=== STORED DATA ===
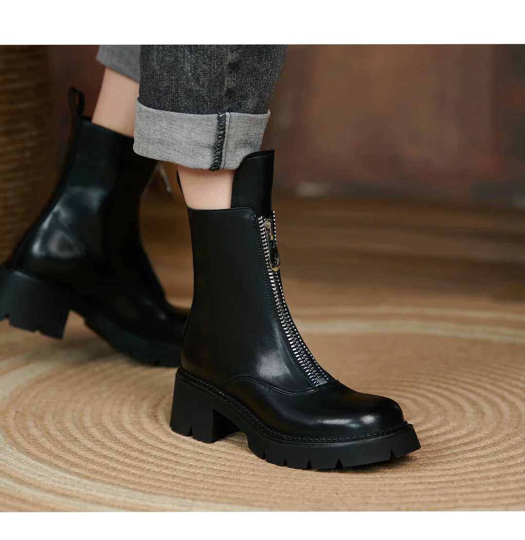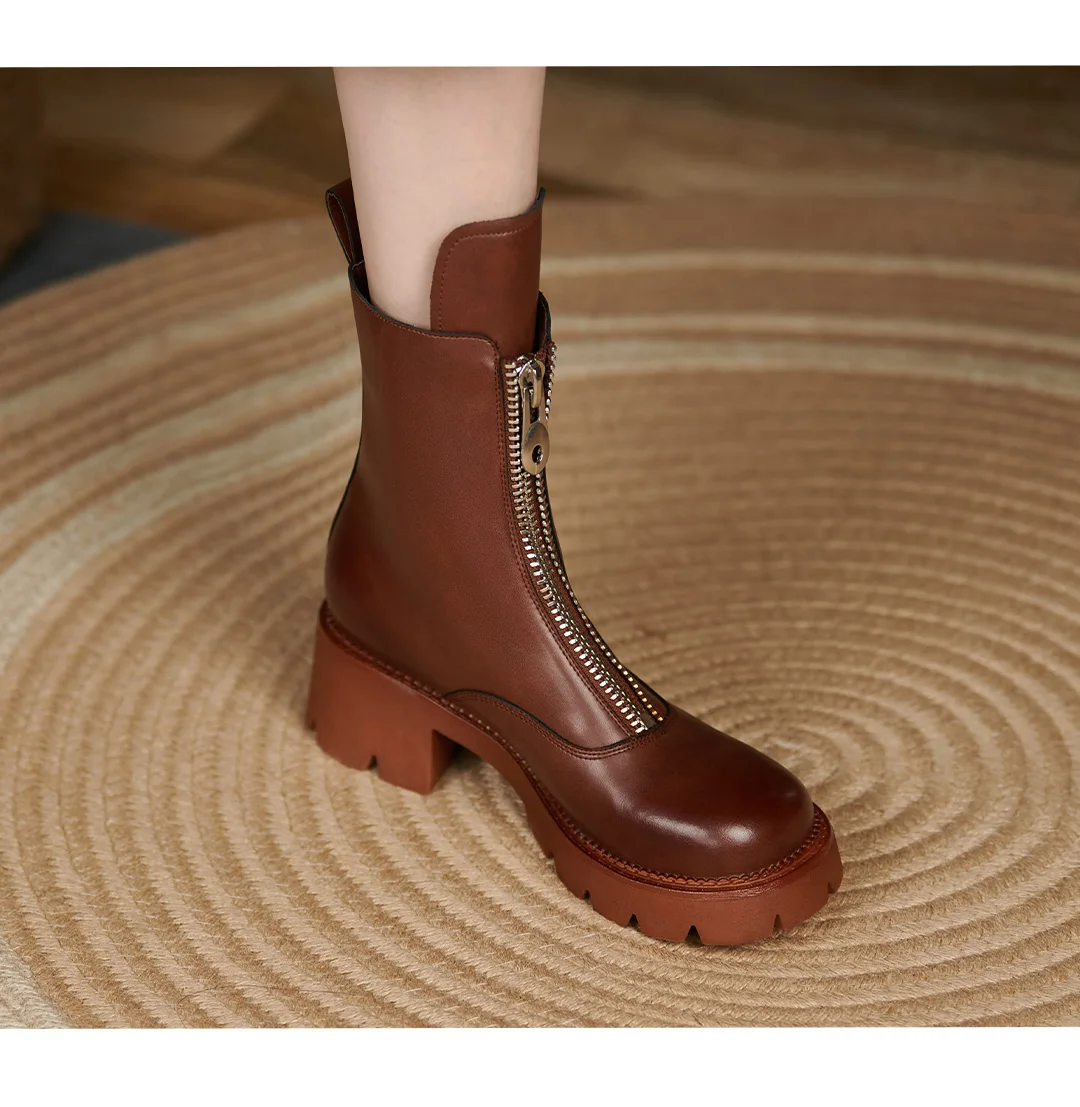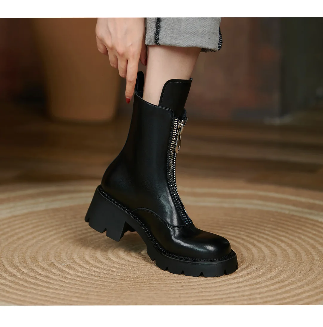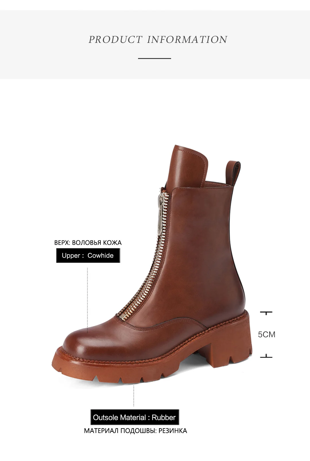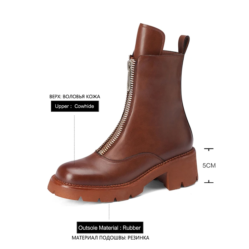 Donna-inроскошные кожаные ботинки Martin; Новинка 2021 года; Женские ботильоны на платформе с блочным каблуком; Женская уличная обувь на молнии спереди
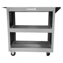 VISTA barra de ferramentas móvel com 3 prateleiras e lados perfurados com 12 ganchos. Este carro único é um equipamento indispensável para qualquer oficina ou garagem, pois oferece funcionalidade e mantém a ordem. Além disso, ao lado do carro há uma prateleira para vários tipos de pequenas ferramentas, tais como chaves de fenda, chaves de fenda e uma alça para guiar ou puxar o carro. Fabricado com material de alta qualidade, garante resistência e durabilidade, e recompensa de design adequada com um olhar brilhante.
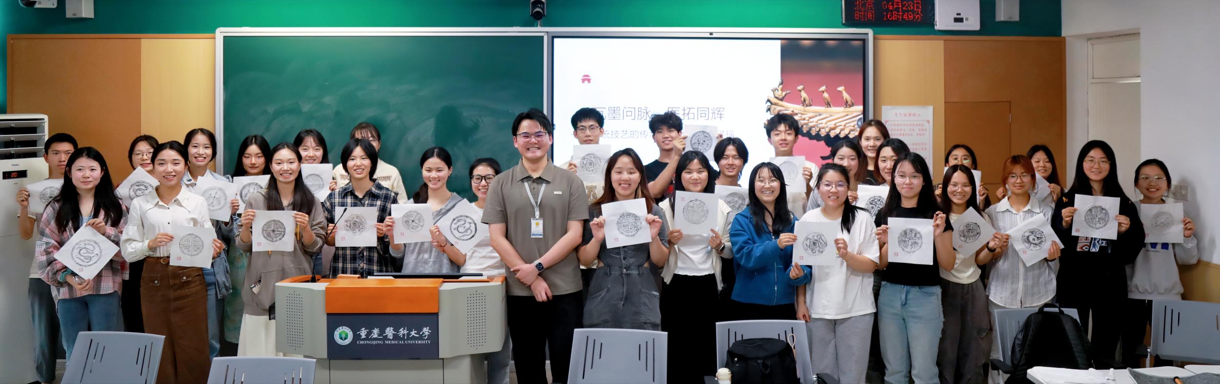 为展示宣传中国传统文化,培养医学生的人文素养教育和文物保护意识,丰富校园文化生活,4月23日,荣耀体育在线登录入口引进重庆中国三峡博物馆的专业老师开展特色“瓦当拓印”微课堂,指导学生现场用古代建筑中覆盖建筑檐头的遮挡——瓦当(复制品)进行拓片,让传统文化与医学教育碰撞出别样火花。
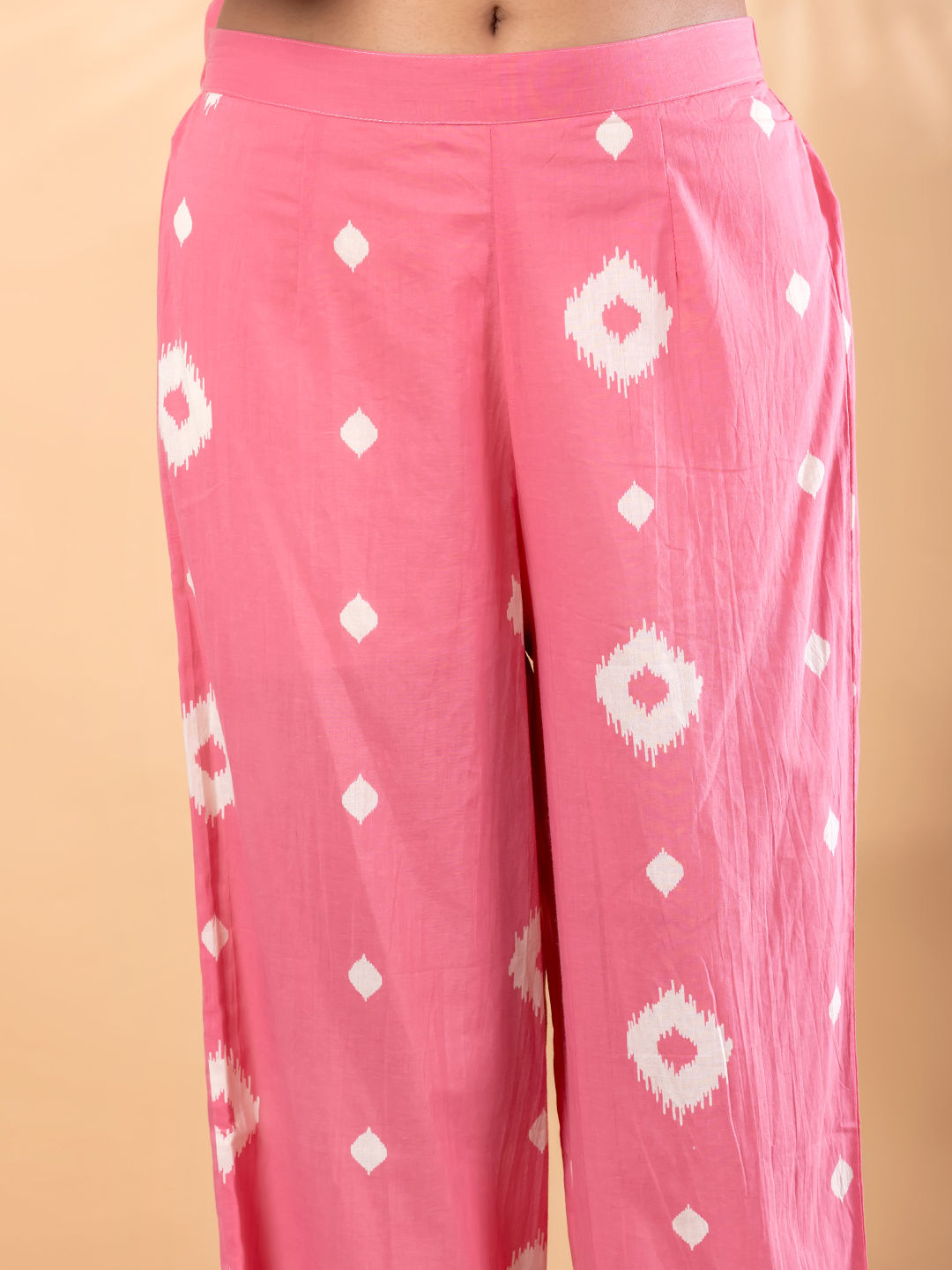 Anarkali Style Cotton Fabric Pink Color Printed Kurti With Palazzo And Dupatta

=== WORK ORDER ===
Only the lines from the line with "为展示宣传中国传统文化,培养" to the bottom of the material above should be reproduced, exactly and without pictures.

=== COMPLETED TASK ===
 为展示宣传中国传统文化,培养医学生的人文素养教育和文物保护意识,丰富校园文化生活,4月23日,荣耀体育在线登录入口引进重庆中国三峡博物馆的专业老师开展特色“瓦当拓印”微课堂,指导学生现场用古代建筑中覆盖建筑檐头的遮挡——瓦当(复制品)进行拓片,让传统文化与医学教育碰撞出别样火花。
 Anarkali Style Cotton Fabric Pink Color Printed Kurti With Palazzo And Dupatta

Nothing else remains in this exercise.